В итоге, после многочисленных дорогостоящих выкрутасов, моим ребятам удалось слегка остудить разрушительные тенденции этой мадам, но урон все равно оказался весьма ощутимым. Люси получила дом. Ей ежемесячно причитались одиннадцать тысяч долларов в виде алиментов, а также деньги на содержание ребенка. Учитывая мой успех в последнее время, я мог себе это позволить, и, разумеется, я хотел, чтобы Кейтлин имела все, чего бы она только пожелала. Но мне было неприятно думать, что первые двести тысяч от моего общего дохода мне уже не принадлежат. Еще мне не понравился пункт, который эта стерва Левин таки включила в соглашение: Люси могла переехать вместе с Кейтлин в другой город, если этого потребует ее карьера.
Через четыре месяца после того, как наш бракоразводный процесс был завершен, она воспользовалась этим своим правом, получив предложение возглавить отдел по подбору кадров в какой-то компании по компьютерному обеспечению в графстве Марин. Внезапно вышло так, что моя дочь уже не жила рядом со мной. Я уже не мог сбежать из-за стола и отправиться с ней на полдня после школы в Малибу или на каток в Вествуде. Вдруг оказалось, что ради свидания с дочерью нужно лететь целый час, а с учетом того, что серии шли в производство одна за одной, я мог выкроить время для такой поездки не более раза в месяц. Это беспокоило меня до такой степени, что я часто не спал ночами и бродил по огромной квартире на верхнем этаже, которую мы с Салли сняли, и думал, зачем же я разбил свою семью. Я знал все причины: наш брак с Люси стал безжизненным… безукоризненный стиль и блестящий интеллект мисс Бирмингем… соблазнительная инерция, сопутствующая успеху… И желание забыть навсегда длинные годы неудач. В минуты отчаяния (в четыре утра) я не мог не думать: почему я пал так легко, стоило только подтолкнуть? Разумеется, я мог уговорить Люси простить меня. Наверное, мы могли бы попробовать начать все сначала.
Но потом наступало утро, меня поджидал неоконченный сценарий, надо было торопиться на встречу, посетить презентацию под ручку с Салли… Одним словом, безжалостный круговорот, сопутствующий успеху. Именно этот круговорот и позволял временно забыть о терзающей душу вине и о постоянной неуверенности по поводу всего в этой моей новой жизни.

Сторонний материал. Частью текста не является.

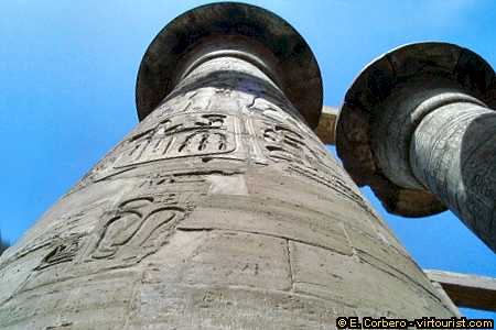 We are now at the heart of the Karnak Temple, the hypostyle hall. This is the most astonishing part of the temple (and one of the most beautiful ruins in Egypt). This part of the temple, that occupies the space between the 3rd and 2nd pylons, was commissioned by Ramses I (129290). Twelve enormous columns, nearly 24 meters (80 feet) high, supported the 5,000 square meters (54,000 square feet) ceiling of the hall. Light entered through holes on the roof and illuminated the huge room. Seven lateral aisles on either side brought the number of pillars to 134. The hall was completed during the reigns of Seti I (129079) and Ramses II (127913).
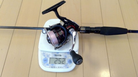 で、月下美人AIRのリールとロッド、ラインにリーダー、ジグヘッドにワームをすべてそろえたときの重さが、

Разумеется, новости об изменениях в моем статусе быстро стали достоянием гласности. Все говорили правильные сочувственные слова (во всяком случае, в лицо) о неизбежных трудностях, сопутствующих разводу. Тот факт, что я «сбежал» (пользуясь этим общепринятым выражением) с одной из самых известных телевизионных менеджеров, ничуть не испортил мне репутацию. Напротив, я взошел на ступеньку выше, или как сказал мне Брэд Брюс: «Все знали, что ты умный парень, Дэвид. Теперь же все будут думать, что ты действительно очень умен».
Реакция же моего агента была типично кислой. Элисон знала Люси, она ей нравилась, и после сделки, касающейся первых серий «Продать тебя», она предупреждала меня о необходимости сторониться любых соблазнов, могущих разрушить семью. Соответственно, когда я сообщил ей, что собираюсь начать новую жизнь с Салли, она долго молчала. Потом она сказала:
– Наверное, мне следует поздравить тебя с тем, что ты подождал почти год, прежде чем сделал нечто подобное. С другой стороны, здесь это происходит со всеми, кому вдруг выпадает удача.
– Я влюбился, Элисон.
– Поздравляю. Любовь – замечательная штука.
– Я знал, что ты так прореагируешь.
– Радость моя, разве ты не знаешь, что в мире существуют всего десять сценариев, и ты сейчас поступаешь в соответствии с одним из них. Но я должна сказать, что твой сценарий имеет некоторое отличие.
– В чем?
– В твоем случае писатель трахает продюсера. Мой богатый опыт подсказывает, что обычно бывает с точностью до наоборот. Поэтому браво: ты поборол законы голливудской силы тяжести.
– Но, Элисон, ведь именно ты нас и свела.
– И не говори. Но не волнуйся, я не стану требовать пятнадцать процентов ваших будущих совместных заработков.
Элисон также напомнила мне, что, поскольку теперь мы с Салли живем вместе, будет разумнее отказаться от идеи написания сценария пилотной серии для «Фокс». За которую я, кстати, еще и не брался.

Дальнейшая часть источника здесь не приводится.